**Dataset excerpts**
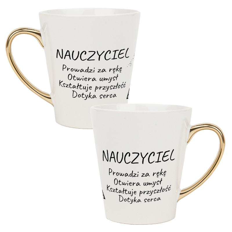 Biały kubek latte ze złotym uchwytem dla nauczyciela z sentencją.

* * *

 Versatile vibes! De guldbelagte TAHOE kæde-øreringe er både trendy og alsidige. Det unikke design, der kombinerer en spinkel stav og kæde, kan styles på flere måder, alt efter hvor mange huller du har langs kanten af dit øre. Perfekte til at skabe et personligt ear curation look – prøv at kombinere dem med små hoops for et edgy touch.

==

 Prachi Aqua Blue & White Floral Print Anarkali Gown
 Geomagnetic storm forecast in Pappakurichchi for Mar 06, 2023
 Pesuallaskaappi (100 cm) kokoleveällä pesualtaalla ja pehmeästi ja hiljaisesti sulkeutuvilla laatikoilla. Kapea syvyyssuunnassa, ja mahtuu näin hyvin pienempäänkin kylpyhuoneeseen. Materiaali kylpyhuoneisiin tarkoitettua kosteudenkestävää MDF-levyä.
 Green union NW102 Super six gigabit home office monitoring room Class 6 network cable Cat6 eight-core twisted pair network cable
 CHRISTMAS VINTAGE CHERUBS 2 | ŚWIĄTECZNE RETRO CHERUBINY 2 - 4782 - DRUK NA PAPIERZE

**Task brief**
Above are some records; copy exactly the lines from the one with "Pesuallaskaappi (100 cm)" through the one with "CHRISTMAS VINTAGE CHERUBS", both included, and no others.

**Exercise output**
 Pesuallaskaappi (100 cm) kokoleveällä pesualtaalla ja pehmeästi ja hiljaisesti sulkeutuvilla laatikoilla. Kapea syvyyssuunnassa, ja mahtuu näin hyvin pienempäänkin kylpyhuoneeseen. Materiaali kylpyhuoneisiin tarkoitettua kosteudenkestävää MDF-levyä.
 Green union NW102 Super six gigabit home office monitoring room Class 6 network cable Cat6 eight-core twisted pair network cable
 CHRISTMAS VINTAGE CHERUBS 2 | ŚWIĄTECZNE RETRO CHERUBINY 2 - 4782 - DRUK NA PAPIERZE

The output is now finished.